Semantically-Lossless Normalizations¶
There is a set of normalizations that do not change the semantics of a URL. These are defined as
Normalizer::PRESERVING_NORMALIZATIONS
. The normalizer applies this set of normalizations if no specific
normalizations are requested.
- capitalize percent encoding
- decode unreserved characters
- convert empty http path
- remove default file host
- remove port host
- remove path dot segments
- convert host unicode to punycode
<?php
use webignition\Url\Normalizer;
use webignition\Url\Url;
$url = new Url('http//♥.example.com:80/p%61th/../?option=%3f');
$normalizedUrl = Normalizer::normalize($url);
(string) $normalizedUrl;
// "http//xn--g6h.example.com:80/path/?option=%3F"

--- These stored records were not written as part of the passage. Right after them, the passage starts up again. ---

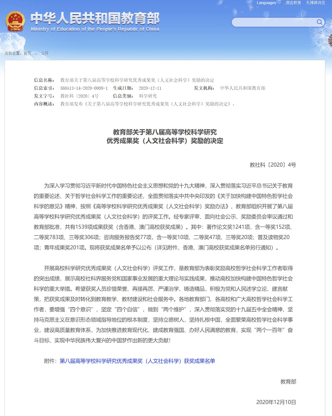 高等公司科学研究优秀成果奖(人文社会科学)奖,奖项三年一评,竞争激烈,最终评选的项目含金量高,被认为是我国人文社科领域最具公信力和影响力的重要奖项。
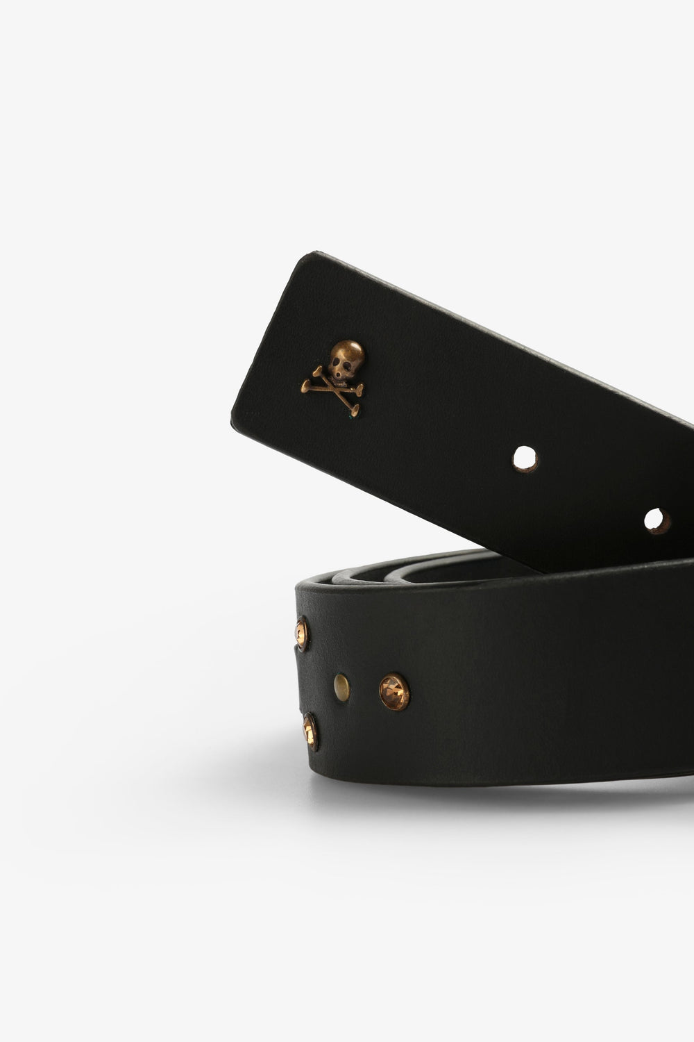 Cinturón con tachas tipo joya confeccionado en 100% piel. Hebilla metálica.
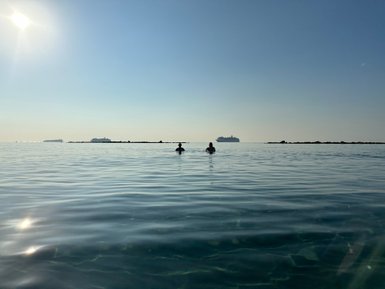 Nach dem Check-In können wir bereits einen ersten Sprung ins Meer wagen, denn unser Hotel ist direkt am Strand gelegen.
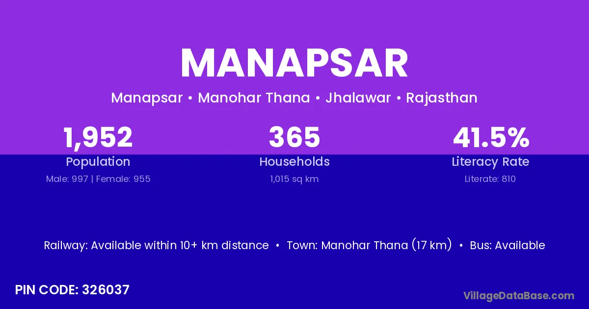 Manohar Thana (17 km) is the nearest town to Manapsar village for major economic activities and is located approximately 17 km away.
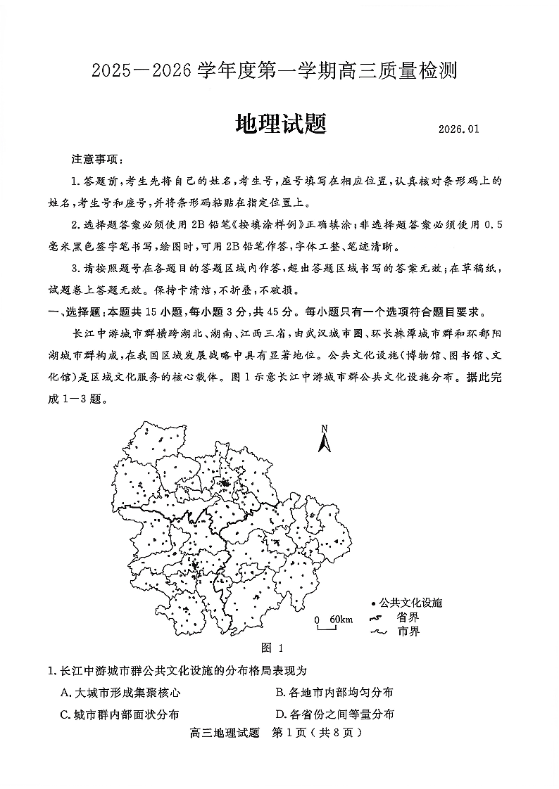 高三地理--山东省济宁市2026届第一学期高三质量检测期末考试
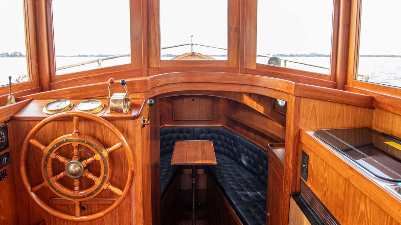 The hull is steel with multi hard chine form, epoxy-coated and fully sandblasted. Superstructure is wood, with full teak deck overlay. Brass hatches, copper portholes, and dorades add vintage styling. Window frames are wooden with tempered glass. Stainless rubbing strake and copper safety rails complete the aesthetic.
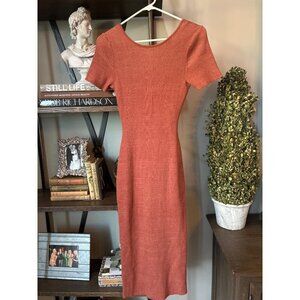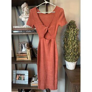 Naadam Ribbed Reversible Twist Knit Midi Dress Brick Womens Size Small
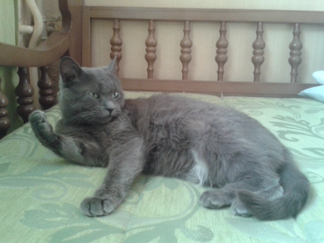 Эта кошка – настоящая красавица. Шерсть цвета маренго, изумрудные глаза, темные перчатки на лапках. Она неторопливая и вальяжная. Ненавязчивая, но отзывчивая на ласку. Любит покушать, но в еде неприхотлива.
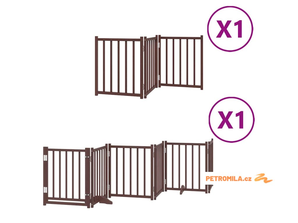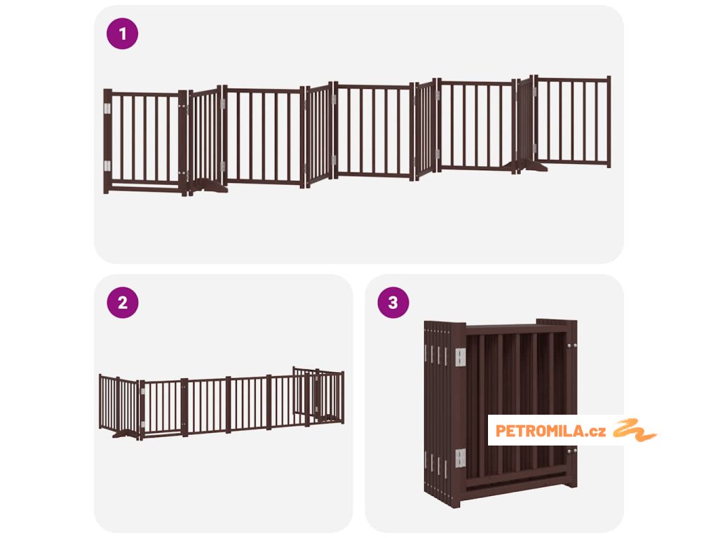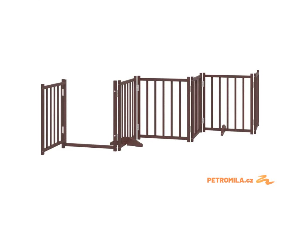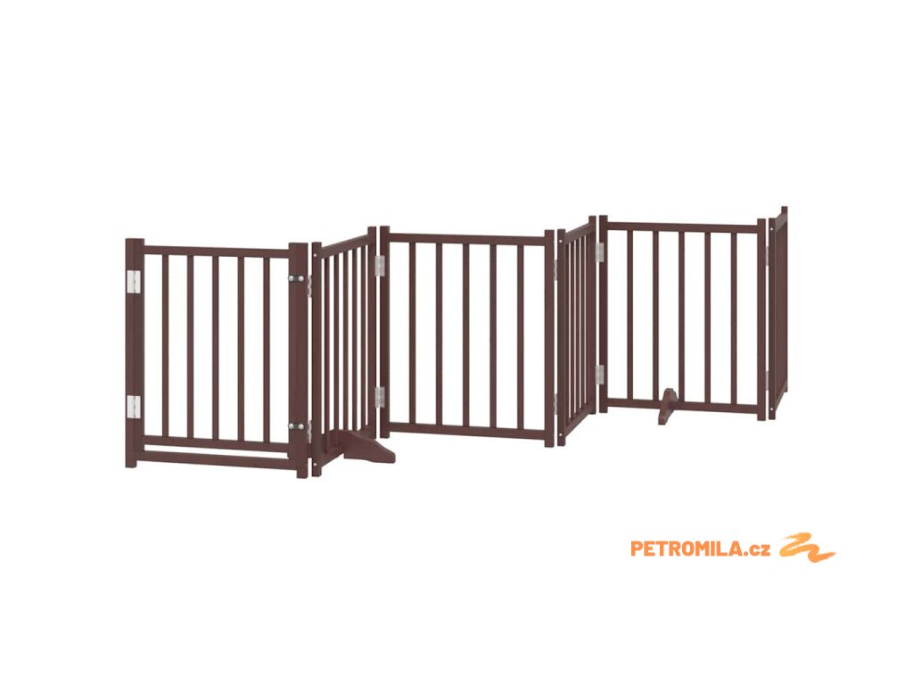 Zábrana pro psy s dvířky skládací 9 panelů hnědá 450 cm topol
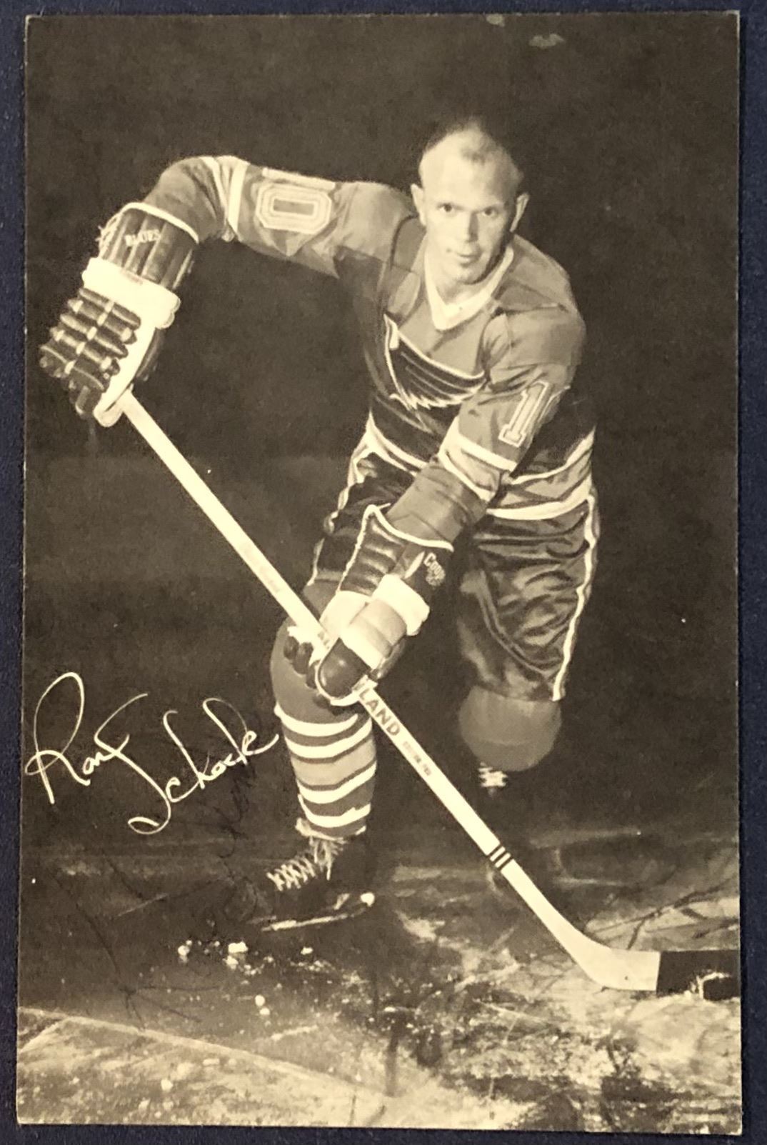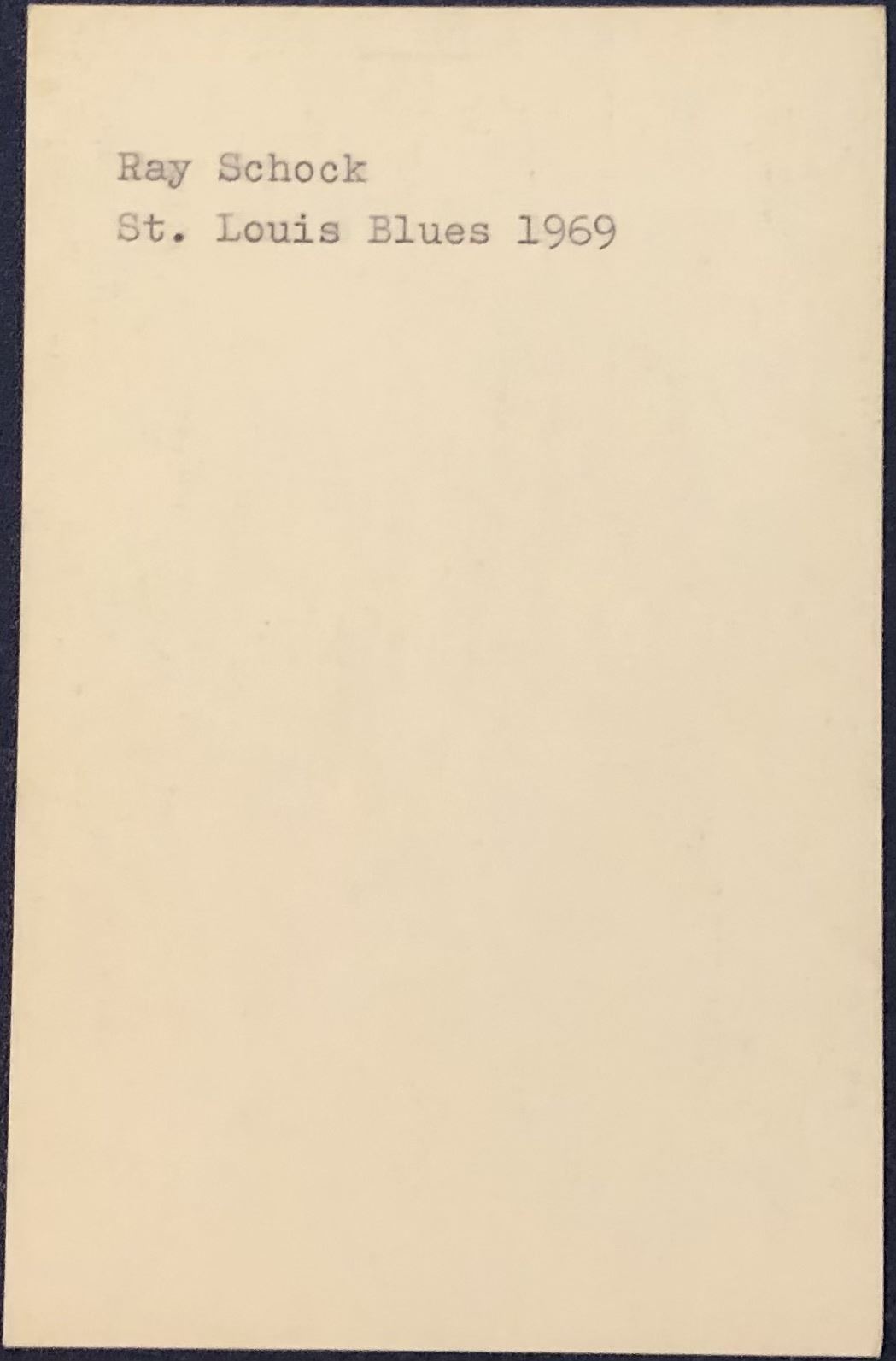1969 ST. LOUIS BLUES 3.5"x5.5" POSTCARD - RON SCHOCK - SIGNED
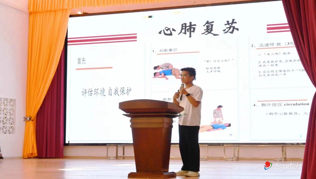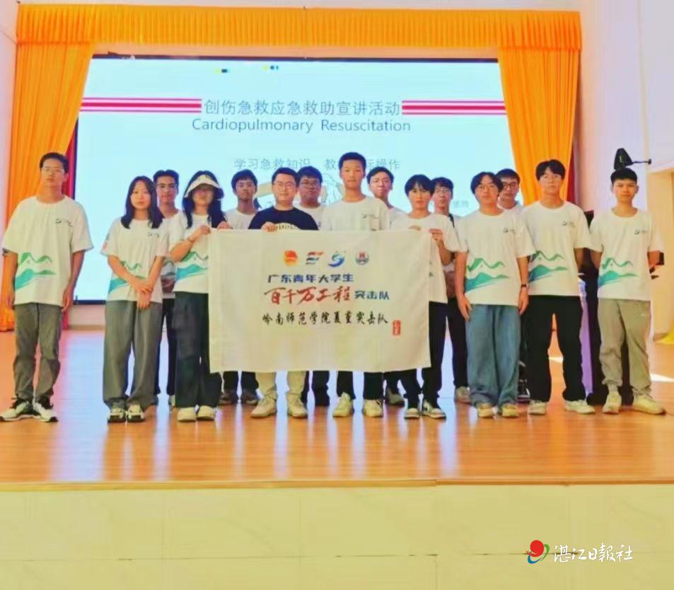 7月10日岭南师范学院夏堇突击队走进湛江市坡头区乾塘镇,开展以“守护生命,我们在行动”为主题的创伤救护知识宣讲活动。

The Normalizer::PRESERVING_NORMALIZATIONS
flag can be used in conjunction with additional normalizations.
<?php
use webignition\Url\Normalizer;
use webignition\Url\Url;
$url = new Url('http//♥.example.com:80/p%61th/../?option=%3f&b=bear&a-apple');
$normalizedUrl = Normalizer::normalize(
$url,
Normalizer::PRESERVING_NORMALIZATIONS |
Normalizer::SORT_QUERY_PARAMETERS
);
(string) $normalizedUrl;
// "http//xn--g6h.example.com:80/path/?a=apple&bear&option=%3F"